Every night thereafter for more than a week, huge crowds gathered in the park and surrounding area in the hope of catching a glimpse of, the ghost. There were families with babies and wide-eyed children in pyjamas; men dressed in singlets, shorts and thongs; men in dinner jackets; women in towelling mu-mus and women in fashionable cocktail dresses. There were young girls in short shorts and youths with long hair and leather jackets. Picnic hampers, thermos flasks and bottled beer were brought along. Meat pie and ice-cream vendors did a roaring trade.

And how did they all behave? Well, the majority treated the whole thing as a family outing and, apart from wandering too close to the railway tracks, behaved themselves tolerably well. But at around ten each night when the families had gone home (disappointed at not having seen the ghost), the gangs of youths took over. Drunken brawls were nightly events. Police cars were stoned.

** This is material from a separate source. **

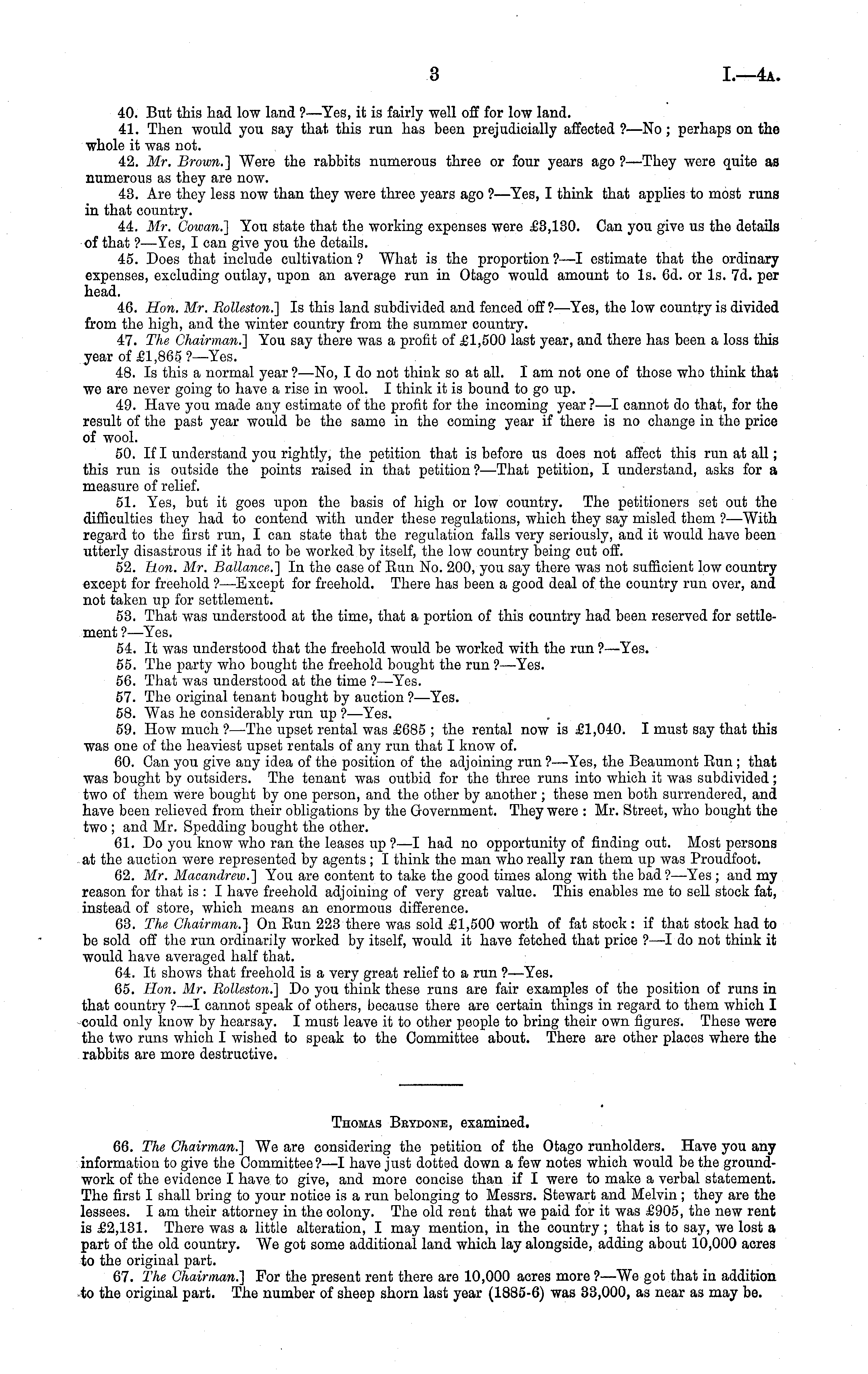 40. But this had low land ? —Yes, it is fairly well off for low land. 41. Then would you say that this run has been prejudicially affected ?—No; perhaps on the whole it was not. 42. Mr. Brown.] Were the rabbits numerous three or four years ago ?—They were quite as numerous as they are now. 43. Are they less now than they were three years ago ? —Yes, I think that applies to most runs in that country. 44. Mr. Cowan.] You state that the working expenses were £3,130. Can you give us the details of that ?—Yes, I can give you the details. 45. Does that include cultivation ? What is the proportion ? —I estimate that the ordinary expenses, excluding outlay, upon an average run in Otago would amount to Is. 6d. or Is. 7d. per head. 46. Hon. Mr. Rolleston.] Is this land subdivided and fenced off ?—Yes, the low country is divided from the high, and the winter country from the summer country. 47. The Chairman.] You say there was a profit of £1,500 last year, and there has been a loss this year of £I,B6s?—Yes. 48. Is this a normal year ?—No, Ido not think so at all. lam not one of those who think that we are never going to have a rise in wool. I think it is bound to go up. 49. Have you made any estimate of the profit for the incoming year?—l cannot do that, for the result of the past year would be the same in the coming year if there is no change in the price of wool. 50. If I understand you rightly, the petition that is before us does not affect this run at all; this run is outside the points raised in that petition ? —That petition, I understand, asks for a measure of relief. 51. Yes, but it goes upon the basis of high or low country. The petitioners set out the difficulties they had to contend with under these regulations, which they say misled them ?—With regard to the first run, I can state that the regulation falls very seriously, and it would have been utterly disastrous if it had to be worked by itself, the low country being cut off. 52. Ron. Mr. Ballance.] In the case of Eun No. 200, you say there was not sufficient low country except for freehold ?—Except for freehold. There has been a good deal of the country run over, and not taken up for settlement. 53. That was understood at the time, that a portion of this country had been reserved for settlement ?—Yes. 54. It was understood that the freehold would be worked with the run ?—-Yes. 55. The party who bought the freehold bought the run ? —Yes. 56. That was understood at the time ?—Yes. 57. The original tenant bought by auction ?—Yes. 58. Was he considerably run up ?—Yes. 59. How much ?—The upset rental was £685 ; the rental now is £1,040. I must say that this was one of the heaviest upset rentals of any run that I know of. 60. Can you give any idea of the position of the adjoining run ?—-Yes, the Beaumont Eun ; that was bought by outsiders. The tenant was outbid for the three runs into which it was subdivided; two of them were bought by one person, and the other by another ; these men both surrendered, and have been relieved from their obligations by the Government. They were : Mr. Street, who bought the two ; and Mr. Spedding bought the other. 61. Do you know who ran the leases up ?—I had no opportunity of finding out. Most persons at the auction were represented by agents; I think the man who really ran them up was Proudfoot. 62. Mr. Macandrew.] You are content to take the good times along with the bad? —Yes ; and my reason for that is : I have freehold adjoining of very great value. This enables me to sell stock fat, instead of store, which means an enormous difference. 63. The Chairman.] On Eun 223 there was sold £1,500 worth of fat stock : if that stock had to be sold off the run ordinarily worked by itself, would it have fetched that price ? —I do not think it would have averaged half that. 64. It shows that freehold is a very great relief to a run ?—Yes. 65. Hon. Mr. Rolleston.] Do you think these runs are fair examples of the position of runs in that country ? —I cannot speak of others, because there are certain things in regard to them which I could only know by hearsay. I must leave it to other people to bring their own figures. These were the two runs which I wished to speak to the Committee about. There are other places where the rabbits are more destructive.

Trains were belted with rocks, smashing carriage windows and showering terrified passengers with glass. Trees and fences were destroyed. Fires were lit wherever fuel could be uprooted or torn down. One maniac brought a flame thrower (‘to roast the ghost’, he said) and others threw crackers and let off marine flares. Until motor oil was poured over it and set alight the lake was used as a dunking pond. Police reinforcements were brought in and many of the thrill seekers woke up next morning in jail.

Grandparents tut-tutted but admitted the scenes were reminiscent of 1903 when the ghost appeared the first time. Parents did the same but added that the behaviour had not been nearly so bad in 1922 and 1932 when they turned out for the ghost’s second and third appearances.

‘This ghost does seem to bring out the worst in people,’ a City Council spokesman said. ‘Thank goodness it doesn’t turn on a really terrifying show and panic the crowds. People would die in the rush to escape.’ As it was, dozens suffered minor injuries, treated at a field station by St John’s Ambulance volunteers.

And what of the ghost? Was there one? Is there one? Well, observers in 1903 described it as looking like a three-metre tall nun in a grey habit. In 1922 and 1932 it was described simply as ‘a shimmering grey form’. If we accept the school boys’ description in 1965 and assume it is the same spectre, then it seems she, he or it has lost some bits between 1903 and 1965.

Two theories were put forward in 1965 to identify the spectre. One was that it was the ghost of a vagrant named Walter Hall who had been beaten to death with a bottle and his body dumped in the lake in 1952. The other suggested it was a Swede, Karl David Dinass, who was a suspect in a brutal murder case in 1960 and who committed suicide by throwing himself in front of a train near the underpass. Neither theory takes into account the earlier sightings of the ghost.

All has been quiet in Victoria Park for the past thirty-plus years.

Perhaps major renovations to the underpass in 1984, or the more recent Motorway Bypass, have scared the ghost away or maybe it’s just biding its time and getting ready to make another appearance.



I'll also have to track down some info on Monte Christo, which is reputed to be Australia's most haunted house and is overall rather nasty.
« Last Edit: February 22, 2016, 11:42:18 PM by Purple Wyrm »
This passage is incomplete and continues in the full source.